Born in Brussels in 1823, the Belgian painter Alfred Stevens moved to Paris in the 1840s. This painting is representative of the early part of his career, when he was keen to represent the squalor of the time in realist paintings.
This Parisian street is the setting for an urban drama. Soldiers lead a mother and her ragged children away to prison for the crime of vagrancy. An elegant woman is trying to intercede with the soldiers, while an old, invalid workman has already given up. The attempt is doomed to failure as shown by the soldier's gesture of refusal. A similar scene can be found in Victor Hugo's Things Seen.
On the long grey wall, posters referring to property sales ("sale by auction") and the pleasures of high society ("ball"), contrast with the poverty described in the painting.

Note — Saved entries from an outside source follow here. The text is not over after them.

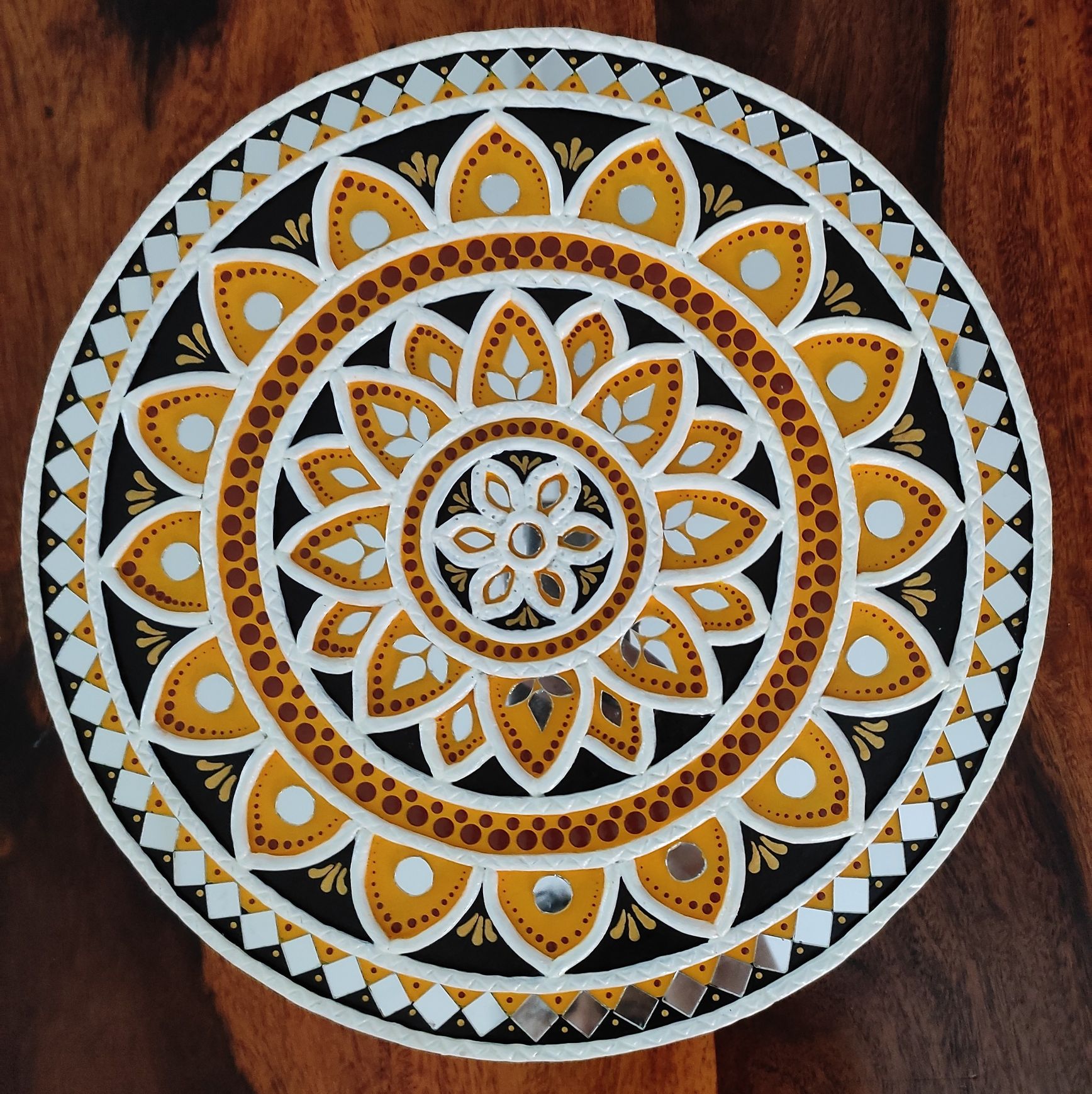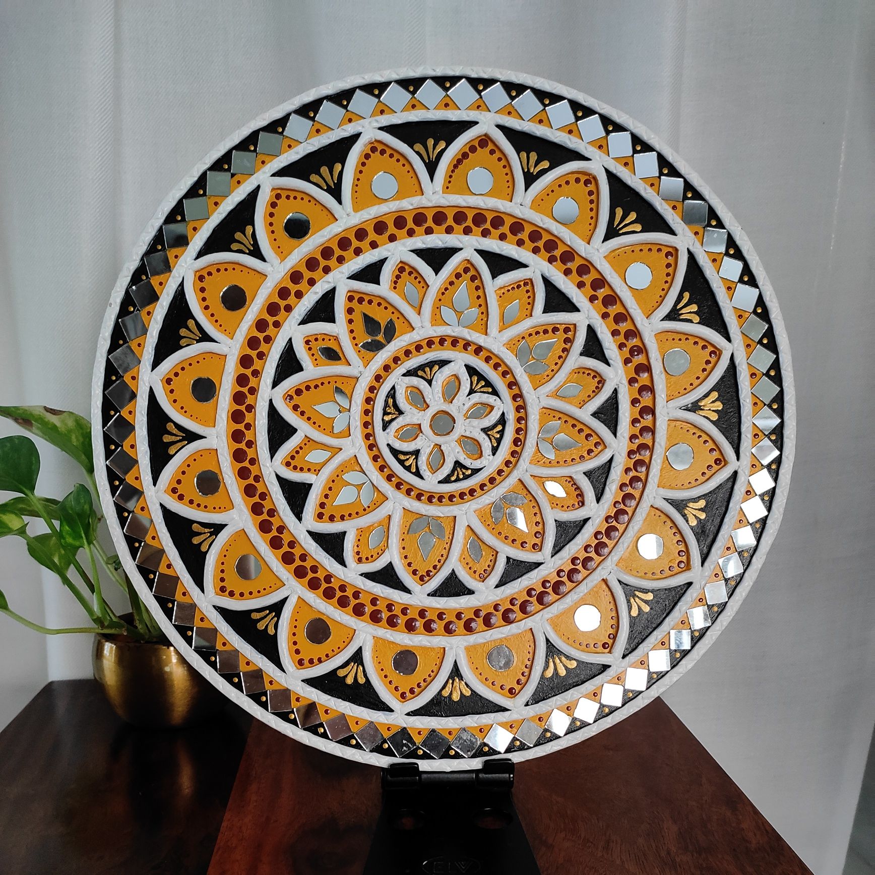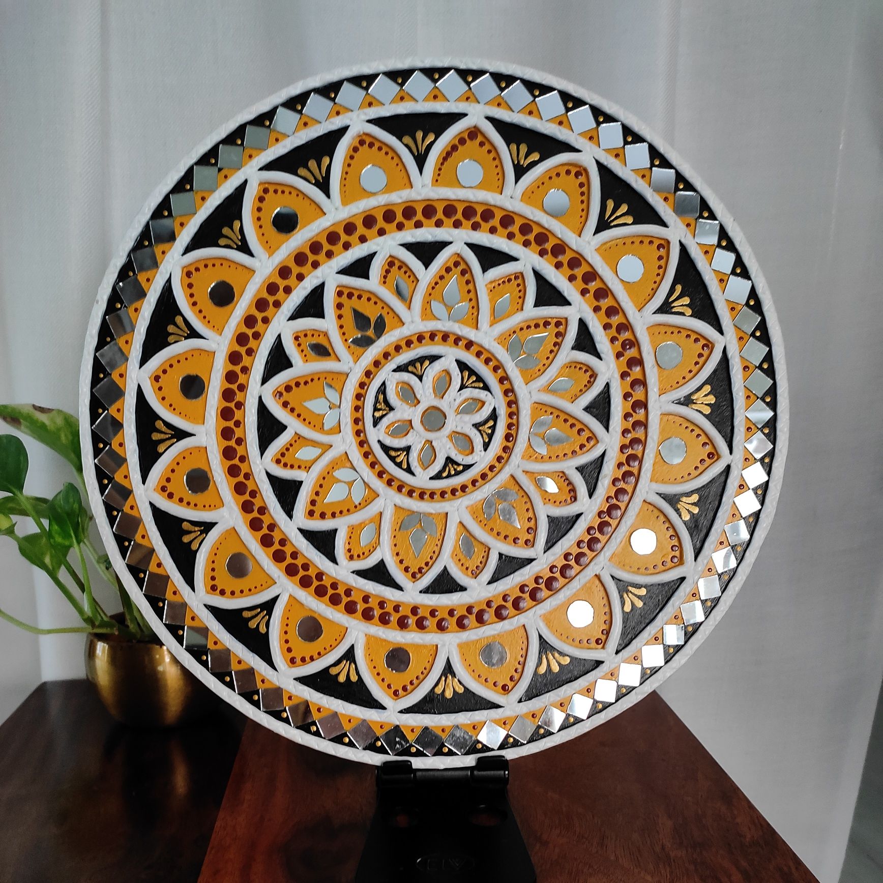 Created using raised clay work and carefully placed mirror accents, this artwork offers depth, texture, and subtle shimmer. The combination of yellow, black, white, and earthy tones brings a perfect balance of tradition and modern elegance.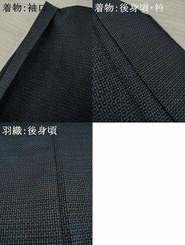 着物の状態は接写画像のように袖口・後身頃・衿に薄い汚れがございますが
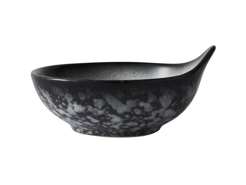 Elevate your table with the Caviar Granite Collection, a bold alternative to classic white that brings café-style chic and contemporary sophistication to any dining experience. Crafted from high-quality porcelain for durability and a sleek finish, each piece is hand-finished with a reactive glaze, featuring a textured surface and subtle granite effect for stylish contrast and understated drama. With dinnerware, servingware, teaware, and essential table accessories, Caviar Granite creates a seamlessly modern and refined table setting. Designed to serve and impress, this handled sauce bowl adds a touch of refinement to your table. Functional, elegant and easy to use.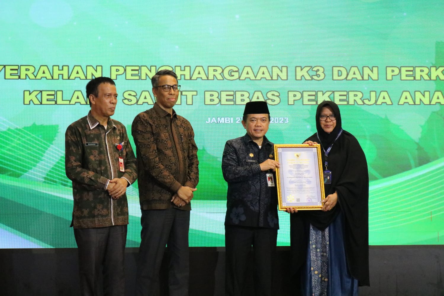 Paalmerah.com – Gubenur Jambi DR Al Haris S,Sos MH memberikan penghargaan Keselamatan dan Kesehatan Kerja (K3) serta bebas Pekerja Anak kepada PTPN VI. Sebelumnya pemerintah dan perusahaan perkebunan kelapa sawit telah berkomitmen tidak memperkerjakan anak di bawah umur.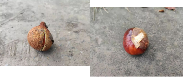 看外壳,板栗斗上的刺又密又长;而马栗外壳上的刺稀稀拉拉的,更秃一些。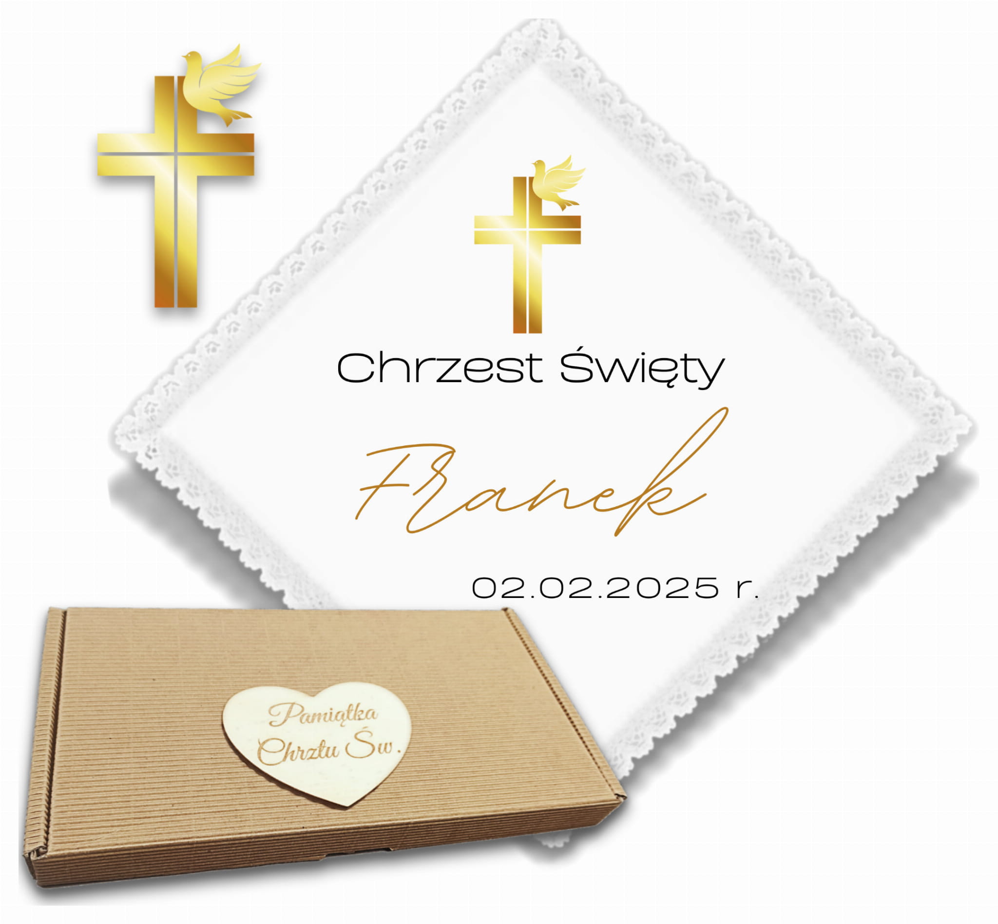 Szatka: Uszyta z delikatnych materiałów, ozdobiona subtelnym projektem, który można spersonalizować imieniem dziecka i datą chrztu. Idealna na symboliczne nałożenie w trakcie sakramentu.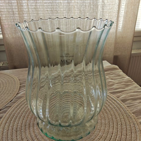 Kaunis lasinen maljakko, kapea suuosa eli yhdelle kujalle hyvä. Muutama naarmu joista kuva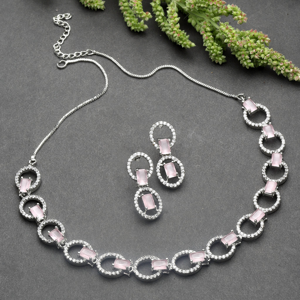 Rhodium-Plated Pink American Diamond Studded Disc-Shaped Necklace & Earrings Jewellery Set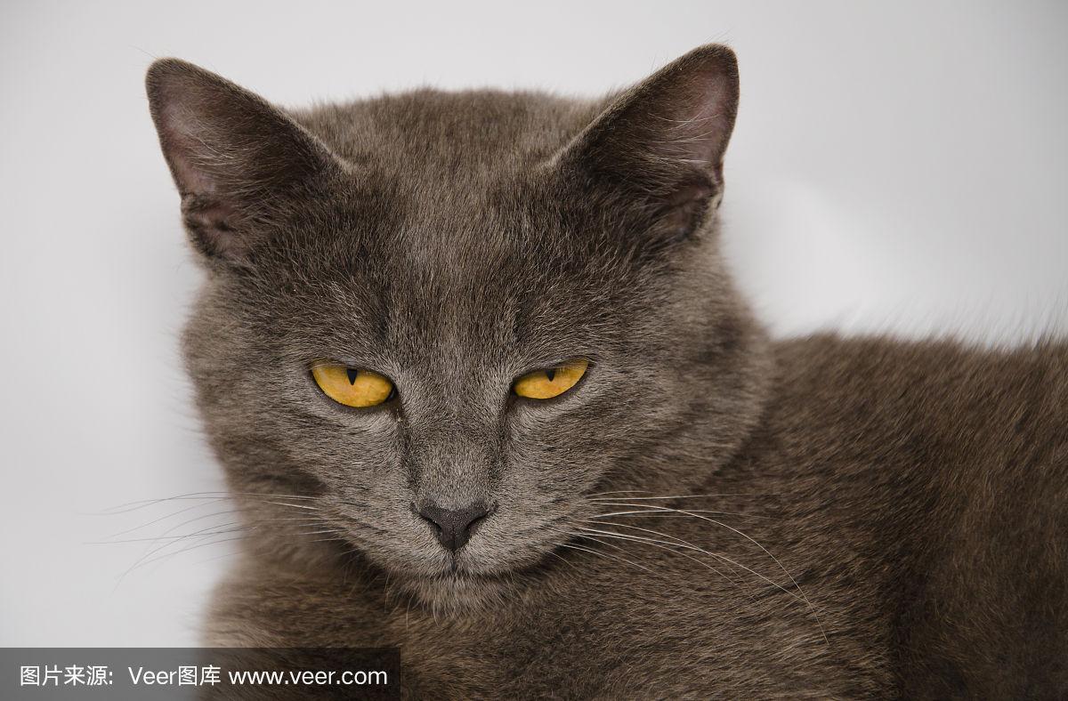 夏特尔猫,英文名称:Chartreux,,原产地位法国,擅长于捉老鼠。它体型较大,身体结实,微胖,成年夏特尔猫的体重可至7kg。
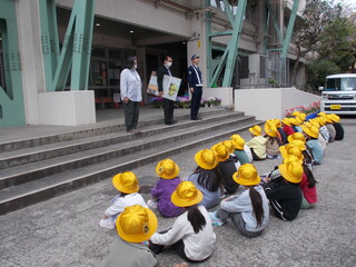 入学式で1年生には安全について話しました。今日、こどもたちは安全に学校に来るために大切なことを学びました。教育委員会より交通安全指導員の方が2名、そして蒲田警察署より交通課の方が1名、お忙しい中、こどもたちのために来てくださいました。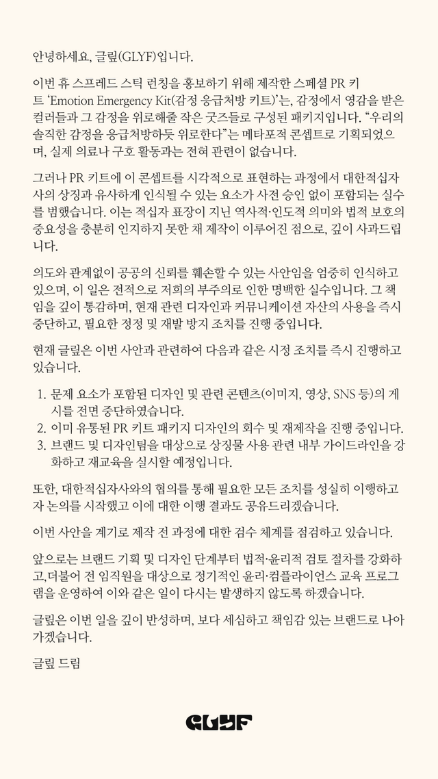 6일 글맆 공식 SNS에는 “이번 휴 스프레드 스틱 런칭을 홍보하기 위해 제작한 스페셜 PR 키트 ‘감정 응급처방 키트’를 시각적으로 표현하는 과정에서 대한적십자사의 상징과 유사하게 인식될 수 있는 요소가 포함되는 실수를 범했다”고 말했다.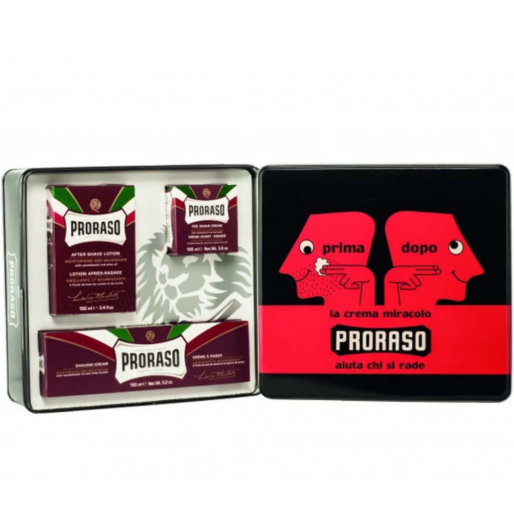 Plechová dárková krabice v retro stylu potěší všechny, kteří mají v oblibě červenou řadu Proraso - pro tvrdé vousy.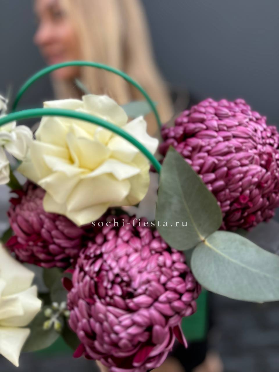 Хризантемы бигуди с их игривой текстурой задают ритм всей композиции. Маттиола добавляет мягкости, а розы завершают образ. Всё это собрано в удобной сумке, готовой к переноске.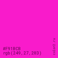 Цвет #F91BCB в цветовой модели RGB обозначается тремя октетами (249, 27, 203) в десятичном формате и #F91BCB в шестнадцатиричном (hex) формате, которые являются интенсивностью красного 249 (hex F9), интенсивность зелёного 27 (hex 1B) и интенсивность синего 203 (hex CB).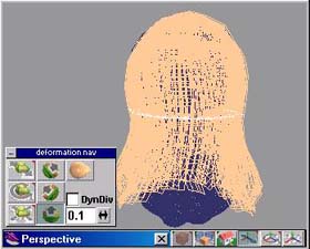 提醒您一下,當您啟動變形工具時,其綠色的變形控制線較少。您可以在開始進行變形前,適度的增加變形控制線 (在場景空白的區域中,同時按下滑鼠左右鍵拖曳,可增加控制線)。 若是您已經進行了變形,無法增加控制線的話,您可以選取點編輯工具,其會出現一對話框,說明物件已有變形,詢問您是否要刪除此變形,您可以選擇“是”。當然啦! 最好的辦法還是在進行操作前,先將髮束複製或存檔,這樣可一勞永逸。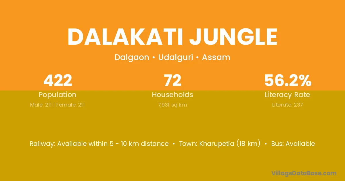 Dalakati Jungle village has a total population of 422 people, of which 211 are males and 211 are females.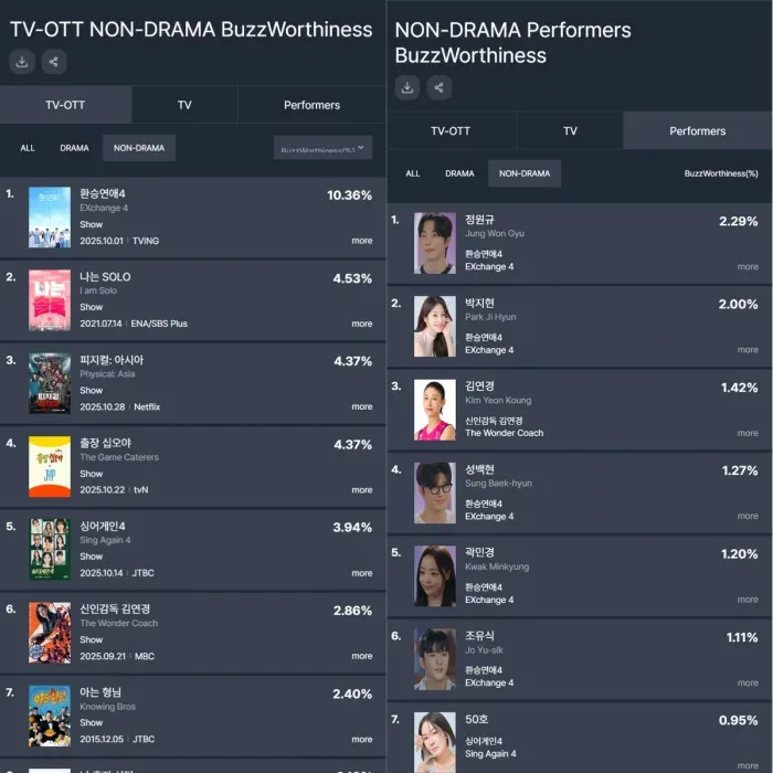 특히 이번 주 리스트에서 음악 · 예능형 콘텐츠 · 연애프로 세 가지를 중요하게 볼 수 있는데요!

The different social groups who occupy the same urban space find themselves side by side here in a moving composition, and the role of the State, purely repressive, does not come out well.
Stevens' objective was to denounce the poor living conditions in the towns and the cruel treatment meted out to those who lived there. The message struck a chord with Napoleon III who, on seeing this painting at the 1855 Universal Exhibition, supposedly said: "That will not happen again". As a consequence of this, the Emperor ordered that any vagrants should henceforth be taken to the Conciergerie, not on foot, but hidden away in a closed carriage.